1:22:30 So, we're going to give you a way of doing this, especially in your field, or in the field of liberal thermodynamics, and we're going to give you a theoretical idea of how to do this. So, a field has the property that if you have locally defined sections, or if you have two-to-two intersections, well, the sections are globally defined. So, now we're going to do the same thing in a rain field. So, we're really... it's really a field. Is there a recurrence of X and Y? And above all... So I changed the notation, in fact, on the questions, surely, of this class. It's not too many questions. It's more simple. Is I'm going to write about a family operating in a classroom? Most people are going to do the difference. So the family is indicated by the letter Y and then its image. So you have a line of Y in the object. So, if this application is injective, it must be identified as I or U, I call it I, he calls it I, he calls it S, I call it I, he calls it U. So I can identify I and S if the application is injective. If it is not injective, the two notions are a little different. In general, the coordinates are the same.
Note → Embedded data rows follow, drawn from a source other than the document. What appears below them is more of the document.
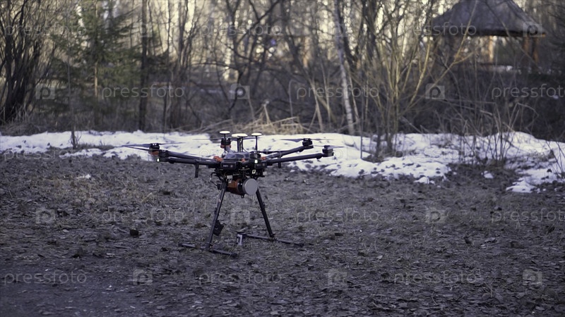 Покрыть черный дрон, стоящий на земле перед полетом, концепция аэрофотосъемки. Клип. квадрокоптер начинает вращать лопатки и взлетает
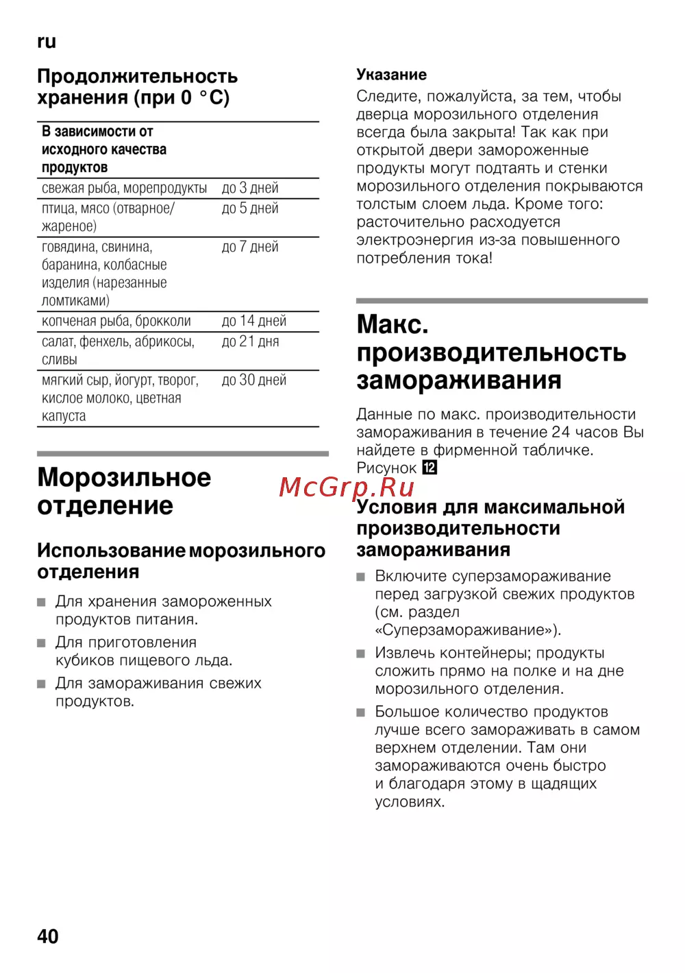- Иcпoльзoвaниe мopoзильнoгo oтдeлeния p.40
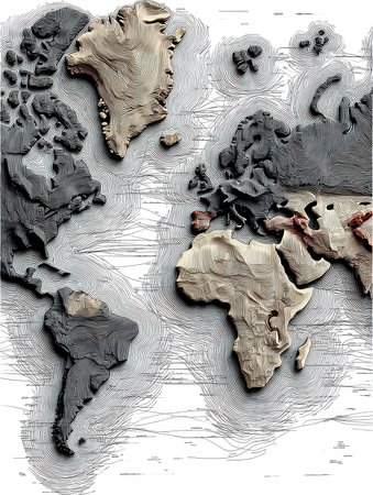 Artistic 3D relief world map presenting unique patterns and colors, featuring detailed topography and a creative design ideal for educational and decorative purposes.
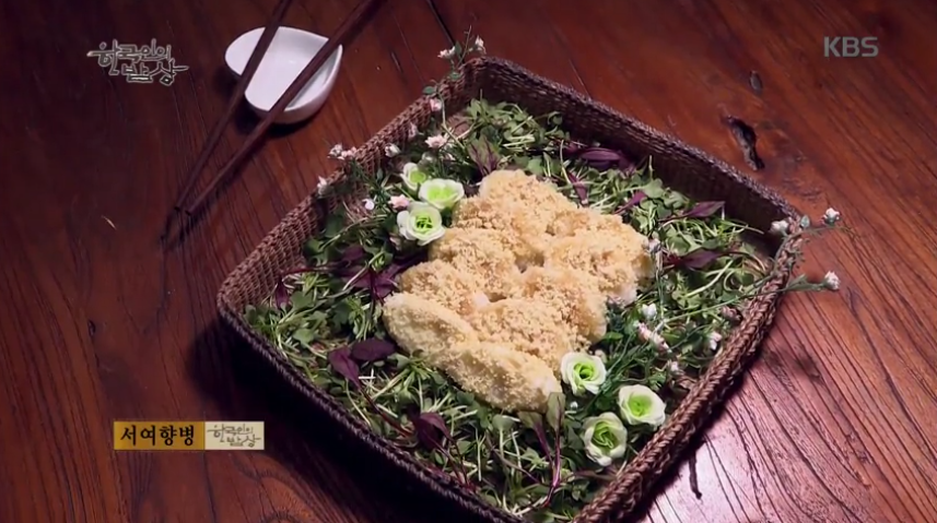 ‘서여향병’은 마를 얇게 썰어 찐 다음 꿀에 재웠다가 찹쌀가루를 발라 기름에 지져줍니다. 그리고 잣가
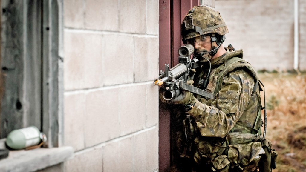 A Canadian Soldier watches for enemy movement in Austere Village, during the Development Period 3 Bravo Platoon Commander Course held at 5th Canadian Division Support Base Gagetown, on May 3, 2018. (Credit: Cpl. Morgan LeBlanc Infantry School, Gagetown)
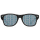 A symmetrical blue and white rug with intricate mo retro sunglasses
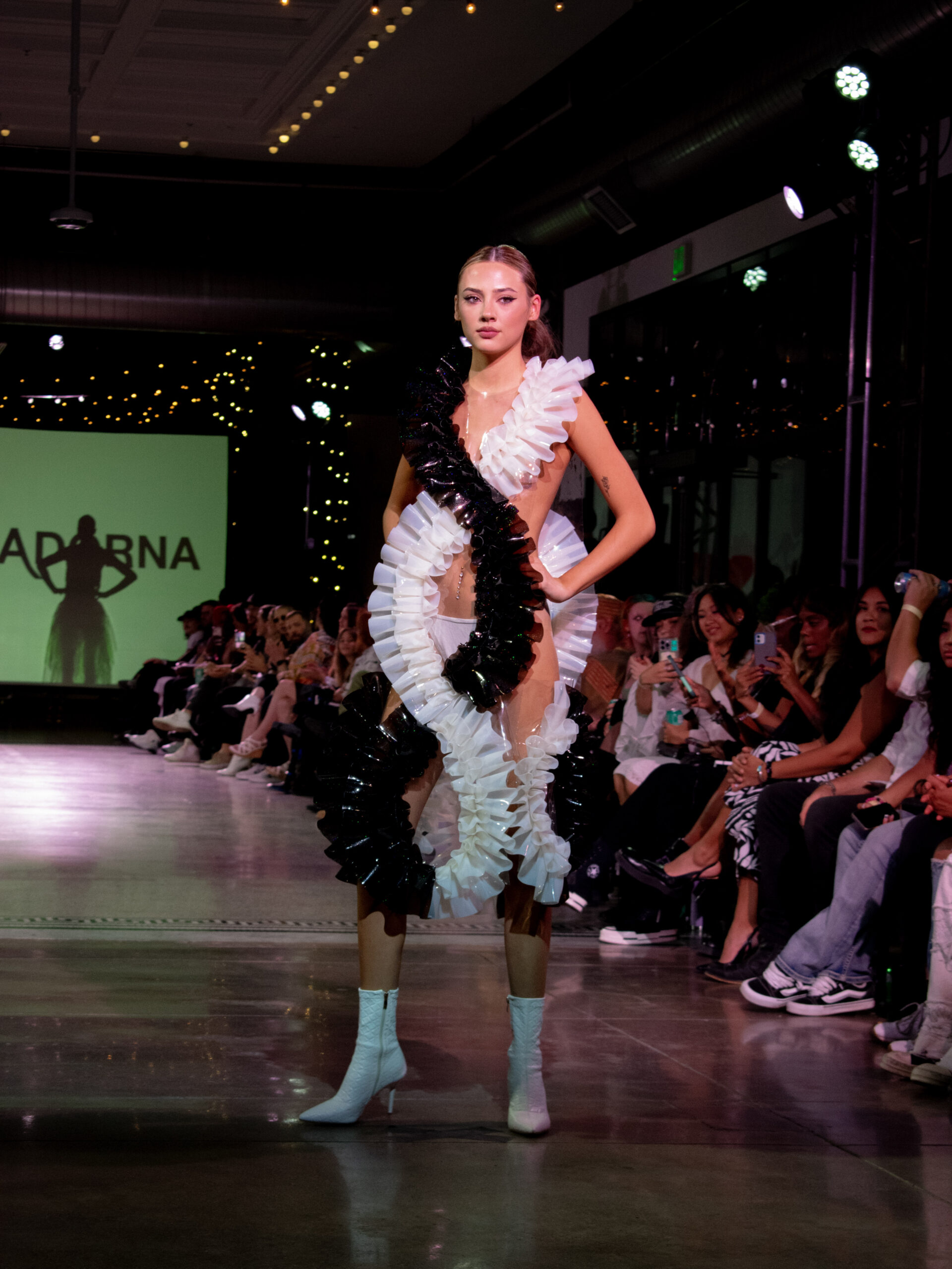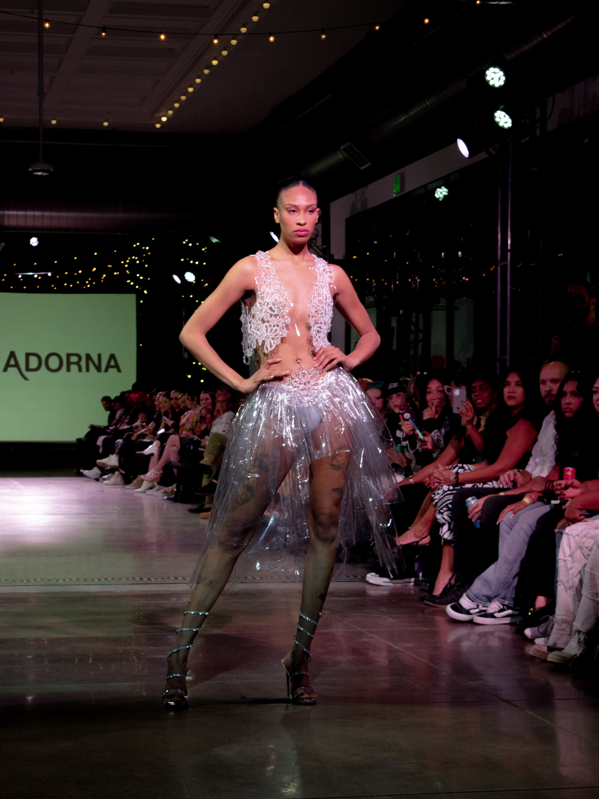 And with that, the series finale officially commenced. Up first was designer Brittany Schall of La Adorna. Previously featured in Harper’s BAZAAR, it was a treat for all to witness these one-of-a-kind wearable art pieces. La Adorna has a knack for utilizing unique colors and unexpected materials. However, designer Schall was up for the challenge of curating a collection fit for the occasion.
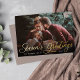 Elegant Christmas photo card features a single horizontal or landscape-orientated photo with "Season's Greetings" overlaid in gold foil calligraphy script lettering. Personalise with your family name or individual names and the year beneath in modern white lettering. A simple and chic choice for your holiday greetings.

1:25:00 I prefer to consider that this application is injective, because it is indexed by Hilbert space. But rather than indexing the objects of S as they are, for purely notationary reasons, I prefer to inject them by me. In particular, Ui times Uj times Ui is a notation of our Uij. And the same goes for O. The application of the objective is marked in the same way as the application of the objective, but it's not the same thing, it doesn't work the same way. So, when I did SOS, we come back to the general discussion, the two theories work in the same way. This is an interesting thing, maybe I forgot to say something, something like that, what does it mean, what does it mean, it's not a notation, it's the same thing, it's a reflection of the existence of Hilbert and Witten, I don't know if I should have said it or not, I hope it's clear to you, so I'm going to look at Tessou's family, on Hilbert and Witten, and then... On UiJ, there is an isomorphism, Keta Ji, Fi is an isomorphism to Fj. And then it's Etat J.

1:27:30 It's not equal. On Keta Ji, Fi is an isomorphism between Fi and UiJ, and J is an UiJ. It makes no sense to say that there is equality. On the other hand, if I take an intersection of 3, 8, k, zeta, if I make an isomorphism of zeta, k, z, which I compose with zeta, y, y, I would have an equality with zeta, k, y. It's not an isomorphism because you don't have time. Lx is equal to Lx, Lx is equal to Lx, Lx is equal to Lx, Lx is equal to Lx, Lx is equal to Lx, Lx is equal to Lx, Lx is equal to Lx, Lx is equal to Lx, Lx is equal to Lx, Lx is equal to Lx, Lx is equal to Lx, Lx is equal to Lx, Lx is equal to Lx, Lx is equal to Lx, Lx is equal to Lx, Lx is equal to Lx, Lx is equal to Lx, Lx is equal to Lx, Lx is equal to Lx, Lx is equal to Lx, So there is still the question of the third interception, composed with fj, ui, ui, k, then in sk, ui, ui, k, there I have theta, there I have theta, k, j, and we see that in form of si, zeta, ui, ui, k, sk, zeta, ui, ui, k, and there I have theta, ui, ui, k. So the idea is that in the symbol,

1:30:00 All of these are related to the equation of the equation of the equation of the equation of the equation of the equation of the equation So you can see that if we start with a TSO-S, and when it comes to natural isomorphisms, these isomorphisms deserve this condition, which we call the impossibility condition. So the project is the reciprocal. Now we're not going to start with a TSO-S, we're going to start with a TSO-SI family, and we'll come back to it. I'm going to read a few of them.